The idea is to get checks into the hands of Americans as quickly as possible to stave off the worst of the damage to the U.S. economy from the spiraling coronavirus pandemic, which has shuttered businesses and sent unemployment numbers through the roof.
Generally speaking, the $2 trillion rescue bill calls for $1,200 payments to individuals earning $75,000 or less, and $500 for children under the age of 17. While there’s no minimum-earning amount to qualify for the money, there are plenty of crucial details to consider. And mailed checks could reportedly take up to four months to arrive.

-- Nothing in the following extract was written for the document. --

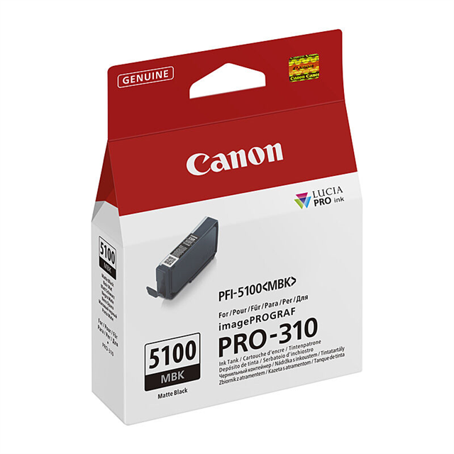 The Canon PFI-5100 Matte Black Ink Cartridge delivers rich, deep black tones with exceptional detail and smooth gradients

To qualify a payout, you’ll have to be a U.S. resident with a social security number. You don’t need to have actually paid any taxes recently, but you must have at least filed your paperwork.
After a certain point, the more you normally make, the less you’ll get from this emergency rescue measure.
If you earn more than $75,000 (or $150,000 for a couple), your payment will be reduced at a rate of $5.00 for each $100 you earn over that benchmark.
That gradual phase-out means that, for example, an individual earning an Adjusted Gross Income of $85,000 would receive a check for $700. An individual who reported an AGI of $95,000 would get a check for $200.
Some people make too much to qualify for any payout at all. That includes individuals with incomes over $99,000, or head-of-household filers with one child who earn more than $146,500, and joint filers with no children who earn $198,000 or more.